Source data |
■ ■ ■ ■ ■

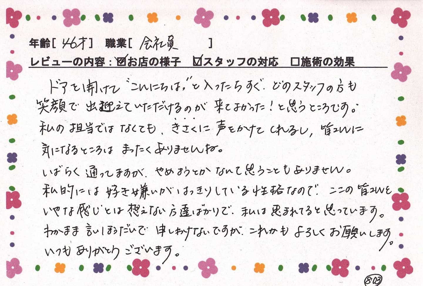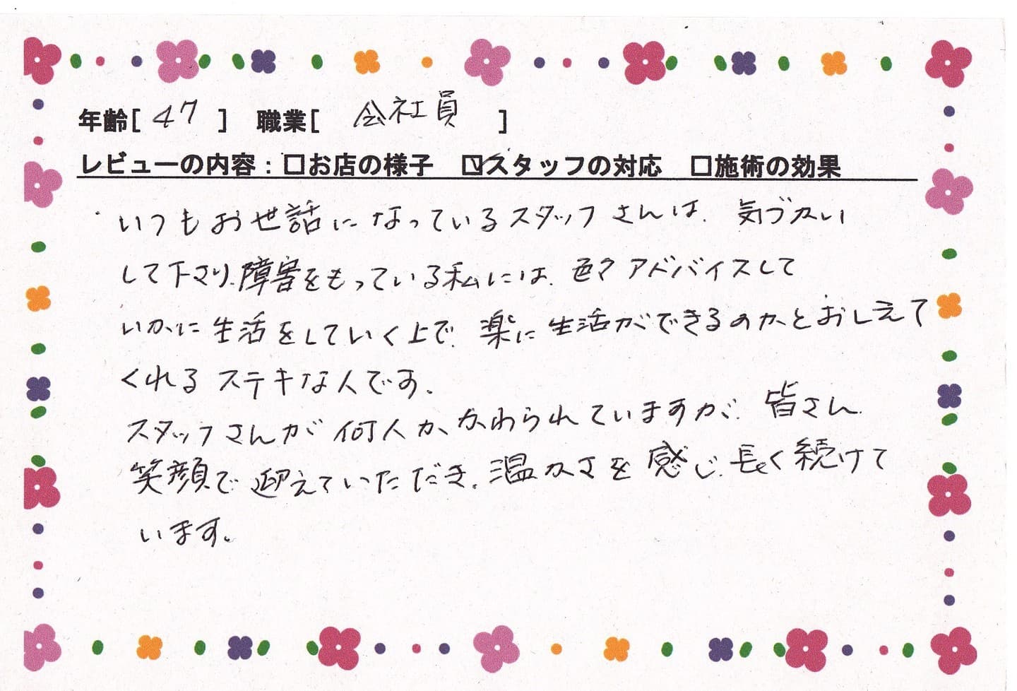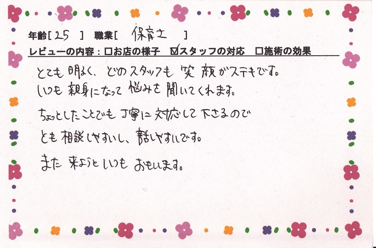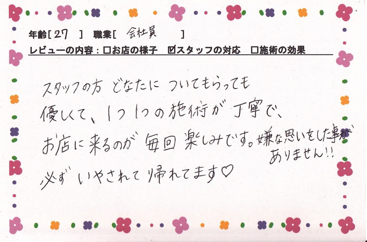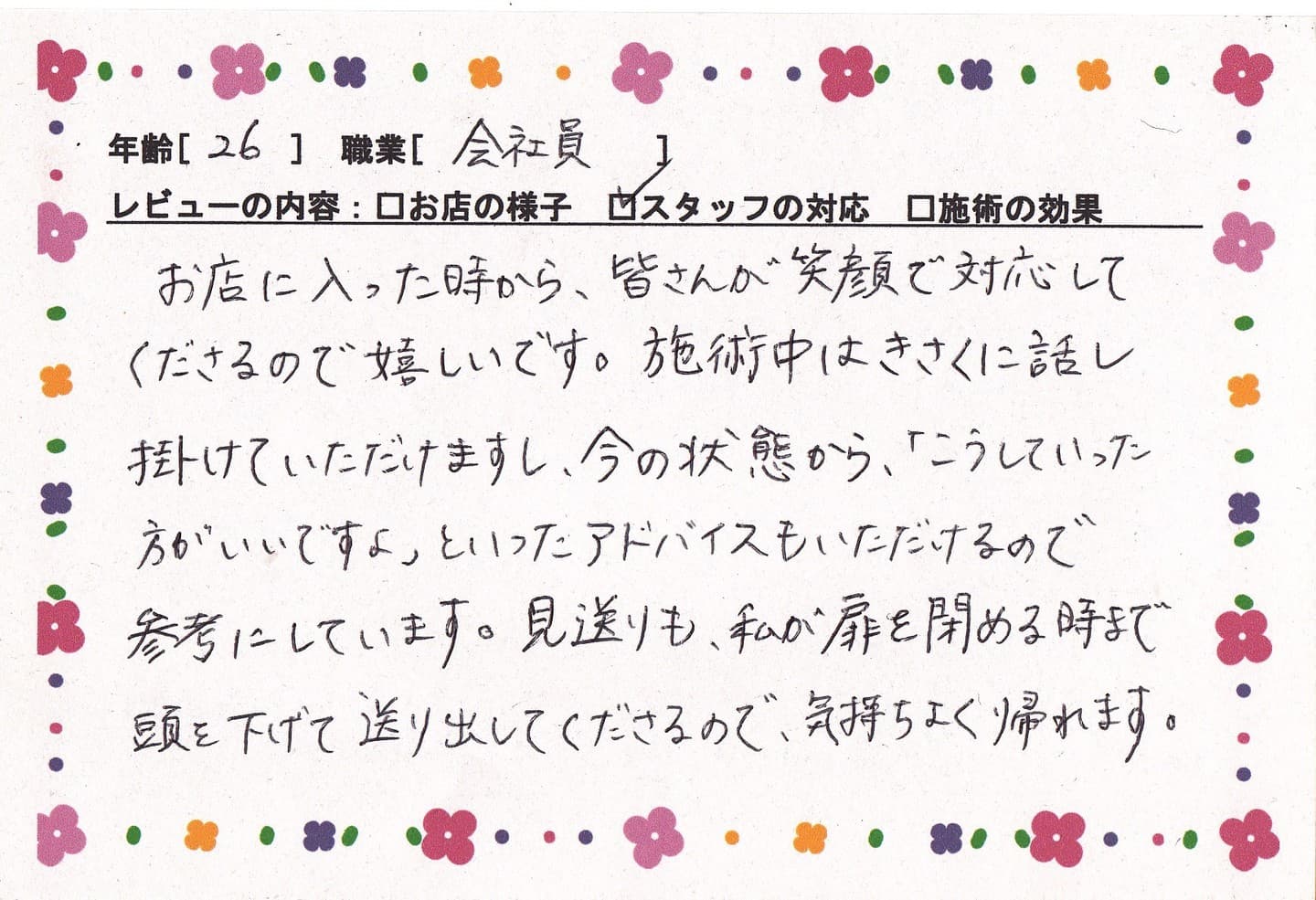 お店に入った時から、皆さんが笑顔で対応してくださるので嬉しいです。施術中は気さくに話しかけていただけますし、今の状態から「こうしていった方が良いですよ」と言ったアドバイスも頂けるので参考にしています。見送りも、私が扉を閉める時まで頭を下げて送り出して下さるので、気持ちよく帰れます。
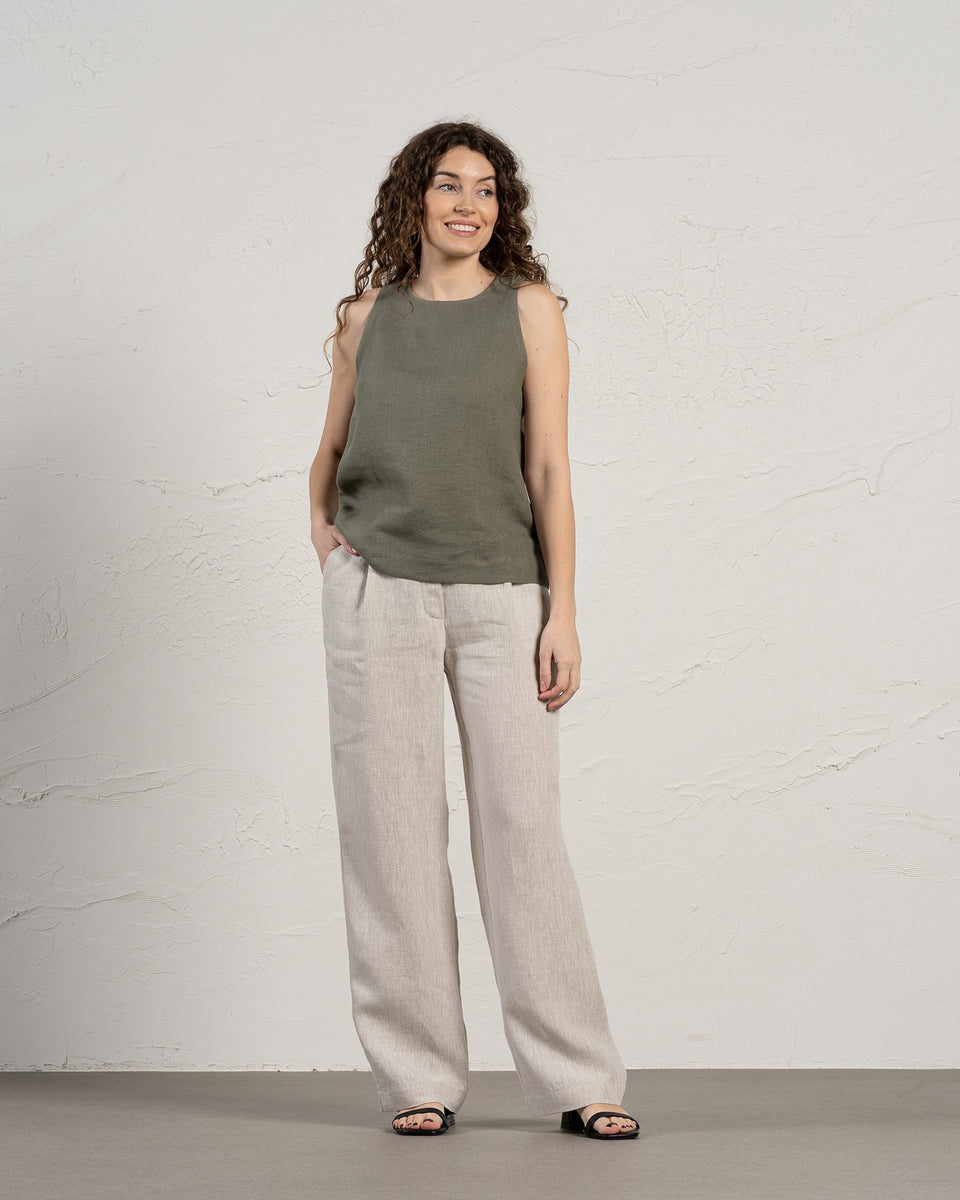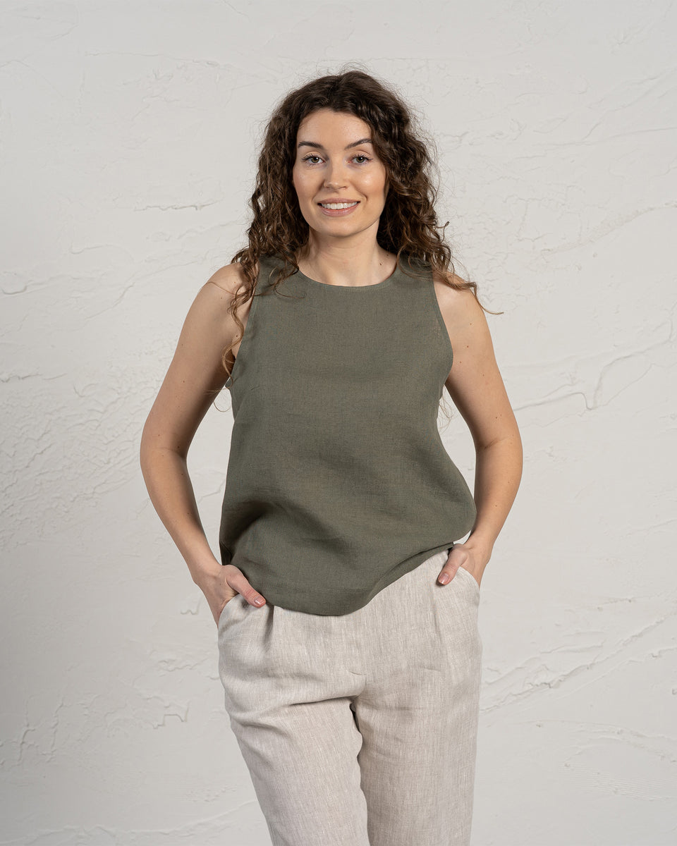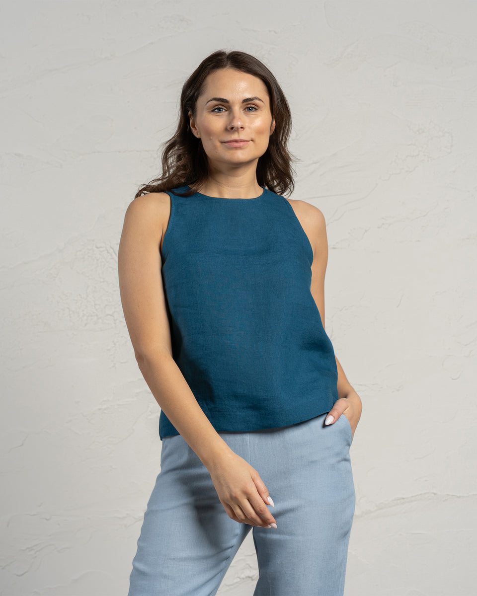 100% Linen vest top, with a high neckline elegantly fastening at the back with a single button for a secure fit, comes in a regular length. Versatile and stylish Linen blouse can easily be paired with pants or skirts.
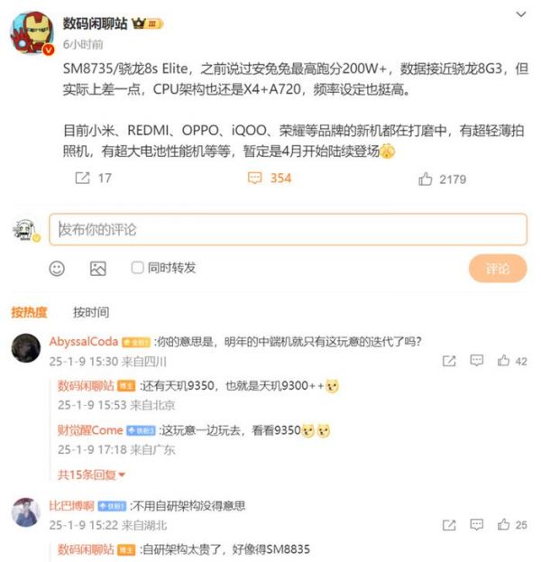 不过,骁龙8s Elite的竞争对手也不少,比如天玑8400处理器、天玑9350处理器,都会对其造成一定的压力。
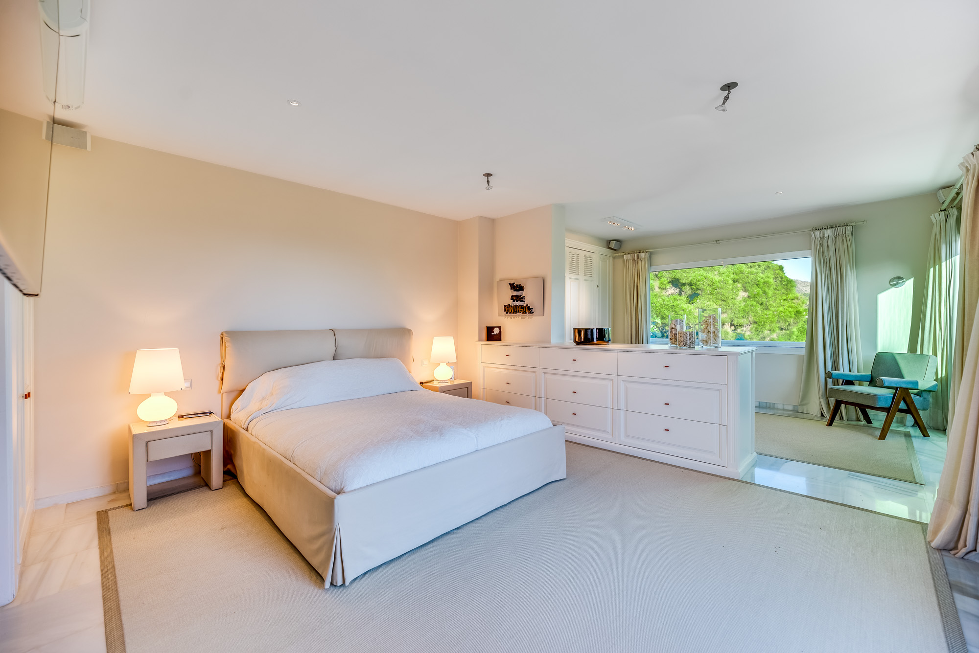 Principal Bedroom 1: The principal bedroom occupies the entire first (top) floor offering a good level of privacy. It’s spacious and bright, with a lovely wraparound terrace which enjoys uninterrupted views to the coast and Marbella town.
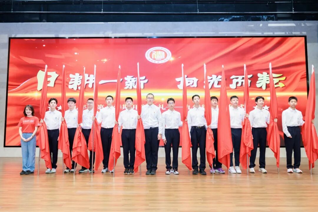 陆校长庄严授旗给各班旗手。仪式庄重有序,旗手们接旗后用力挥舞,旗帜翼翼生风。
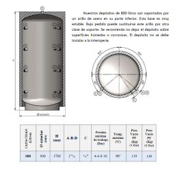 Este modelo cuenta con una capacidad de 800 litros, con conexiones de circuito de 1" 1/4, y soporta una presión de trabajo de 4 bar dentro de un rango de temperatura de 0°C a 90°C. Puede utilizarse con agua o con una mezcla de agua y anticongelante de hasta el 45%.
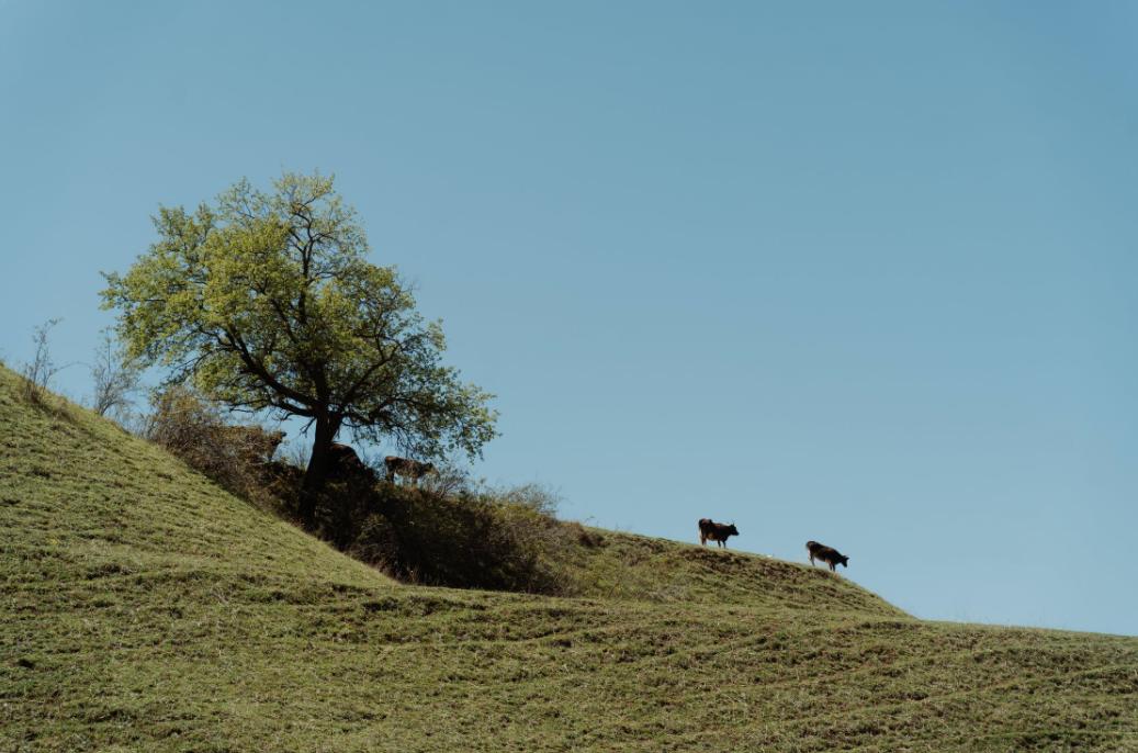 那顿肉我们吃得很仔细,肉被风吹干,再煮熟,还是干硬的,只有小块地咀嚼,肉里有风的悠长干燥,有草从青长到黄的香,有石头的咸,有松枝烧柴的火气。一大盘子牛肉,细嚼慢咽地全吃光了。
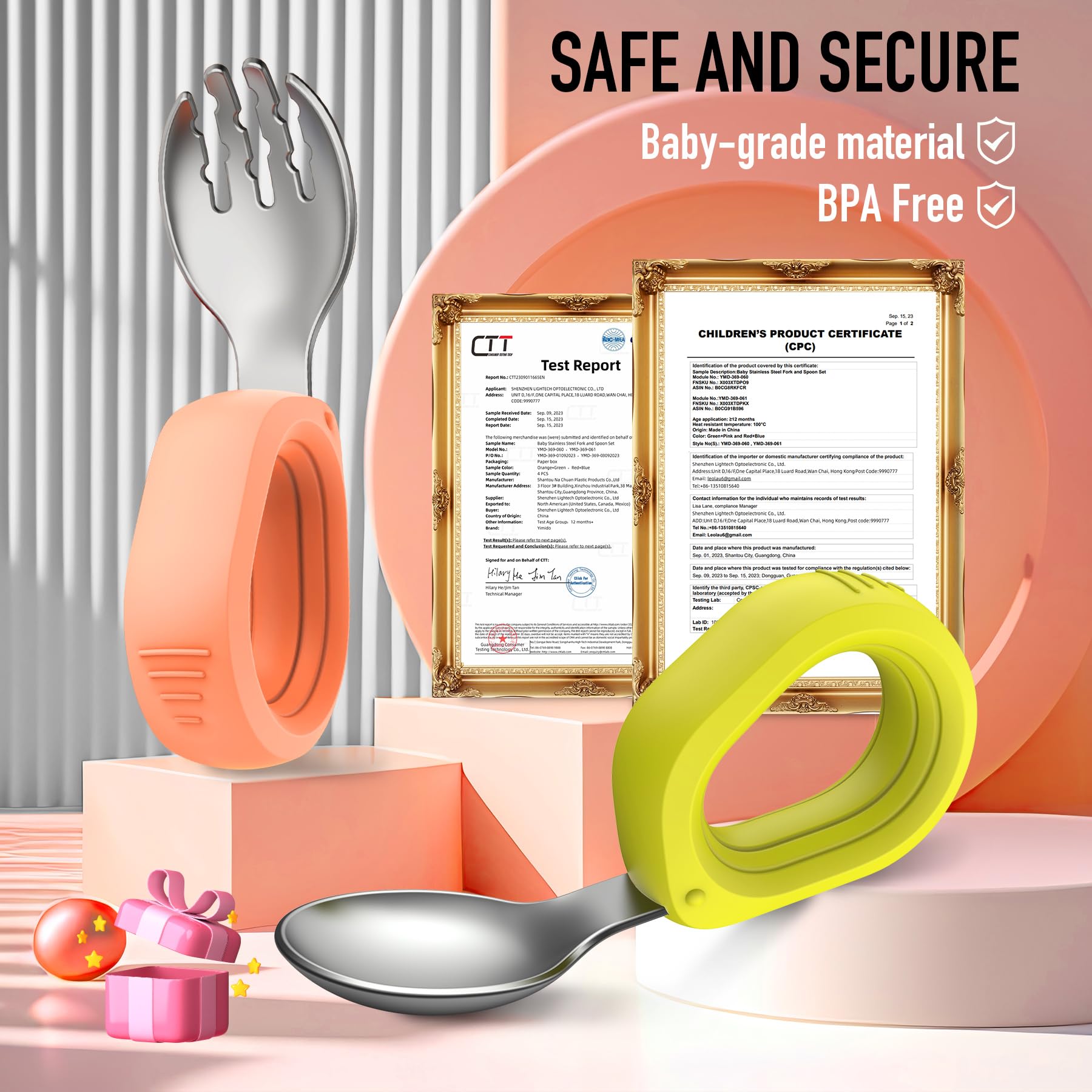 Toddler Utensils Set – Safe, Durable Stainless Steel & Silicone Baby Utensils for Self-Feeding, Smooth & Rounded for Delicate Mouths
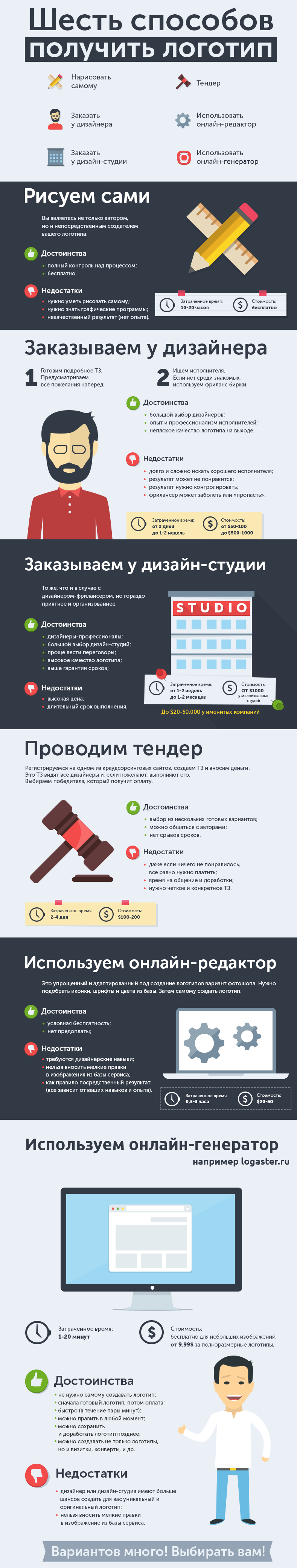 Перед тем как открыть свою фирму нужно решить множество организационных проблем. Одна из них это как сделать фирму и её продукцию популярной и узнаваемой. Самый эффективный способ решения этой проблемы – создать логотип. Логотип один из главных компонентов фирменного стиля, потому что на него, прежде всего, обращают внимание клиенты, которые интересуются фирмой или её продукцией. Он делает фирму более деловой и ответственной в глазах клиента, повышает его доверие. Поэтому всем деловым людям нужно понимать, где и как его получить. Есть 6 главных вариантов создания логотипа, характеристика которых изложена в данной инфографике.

■ ■ ■ ■ ■

What needs to be done |
What you return should match the records line for line, minus the pictures.

Exercise response |
 お店に入った時から、皆さんが笑顔で対応してくださるので嬉しいです。施術中は気さくに話しかけていただけますし、今の状態から「こうしていった方が良いですよ」と言ったアドバイスも頂けるので参考にしています。見送りも、私が扉を閉める時まで頭を下げて送り出して下さるので、気持ちよく帰れます。
 100% Linen vest top, with a high neckline elegantly fastening at the back with a single button for a secure fit, comes in a regular length. Versatile and stylish Linen blouse can easily be paired with pants or skirts.
 不过,骁龙8s Elite的竞争对手也不少,比如天玑8400处理器、天玑9350处理器,都会对其造成一定的压力。
 Principal Bedroom 1: The principal bedroom occupies the entire first (top) floor offering a good level of privacy. It’s spacious and bright, with a lovely wraparound terrace which enjoys uninterrupted views to the coast and Marbella town.
 陆校长庄严授旗给各班旗手。仪式庄重有序,旗手们接旗后用力挥舞,旗帜翼翼生风。
 Este modelo cuenta con una capacidad de 800 litros, con conexiones de circuito de 1" 1/4, y soporta una presión de trabajo de 4 bar dentro de un rango de temperatura de 0°C a 90°C. Puede utilizarse con agua o con una mezcla de agua y anticongelante de hasta el 45%.
 那顿肉我们吃得很仔细,肉被风吹干,再煮熟,还是干硬的,只有小块地咀嚼,肉里有风的悠长干燥,有草从青长到黄的香,有石头的咸,有松枝烧柴的火气。一大盘子牛肉,细嚼慢咽地全吃光了。
 Toddler Utensils Set – Safe, Durable Stainless Steel & Silicone Baby Utensils for Self-Feeding, Smooth & Rounded for Delicate Mouths
 Перед тем как открыть свою фирму нужно решить множество организационных проблем. Одна из них это как сделать фирму и её продукцию популярной и узнаваемой. Самый эффективный способ решения этой проблемы – создать логотип. Логотип один из главных компонентов фирменного стиля, потому что на него, прежде всего, обращают внимание клиенты, которые интересуются фирмой или её продукцией. Он делает фирму более деловой и ответственной в глазах клиента, повышает его доверие. Поэтому всем деловым людям нужно понимать, где и как его получить. Есть 6 главных вариантов создания логотипа, характеристика которых изложена в данной инфографике.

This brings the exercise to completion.